Зал был просторный. Линолеум слегка уходил из-под ног. В углу темнела эстрада. Там в беспорядке стояли пюпитры, украшенные лирами из жести.
Рояль был повернут к стене. Контрабас лежал на боку. Он был похож на гигантскую, выдернутую с корнем редьку.
Мы заказали пиво с бутербродами. Вели привычный разговор: Хемингуэй, Гиллеспи, Фрейд, Антониони, Сталин…
К этому времени я уже был похож на молодого филолога. То есть научился критиковать Достоевского, восхищаясь при этом Шарковым и Cольцем. Что выражало особую степень моей интеллектуальной придирчивости. (Кстати, Шарков год назад выпустил детскую повесть о тараканах. Гольц, если не ошибаюсь, сочиняет цирковые репризы.)
В известной мере я претендовал на роль талантливого самородка. Моим воображаемым прототипом был грубоватый силач, который руководствуется интуицией. Кроме того, все знали о моих успехах на ринге. Это существенно дополняло мой образ.
Я ждал, когда Тася обратит на меня внимание. И дождался.
Я носил тогда кеды и гимнастические брюки со штрипками. На бесформенном пиджаке выделялись карманы. Год спустя я уже выглядел по-другому. А сейчас в мой адрес посыпались колкости и насмешки. Тася спросила:
— Кто шьет вам брюки — Малкин или Леонтович?

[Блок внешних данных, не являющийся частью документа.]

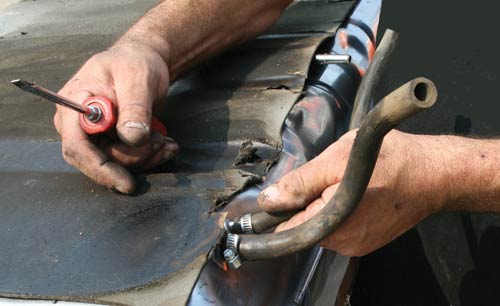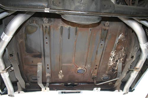 The original tank actually still looks pretty good from this never-seen view. The sound/rattle insulation pad was holding together quite well after 45 years of service.

(Она назвала имена прогрессивных ленинградских закройщиков. С Леонтовичем я впоследствии познакомился. Это был неопрятный еврей в галифе.)
Я молчал. Мои друзья посмеивались. Зато когда Гага Смирнов опрокинул фужер на штаны, я прямо-таки расхохотался. Должно быть, Тасино присутствие слегка нас всех ожесточило.
Вдруг она сказала мне:
— Хотите знать, на кого вы похожи? На разбитую параличом гориллу, которую держат в зоопарке из жалости.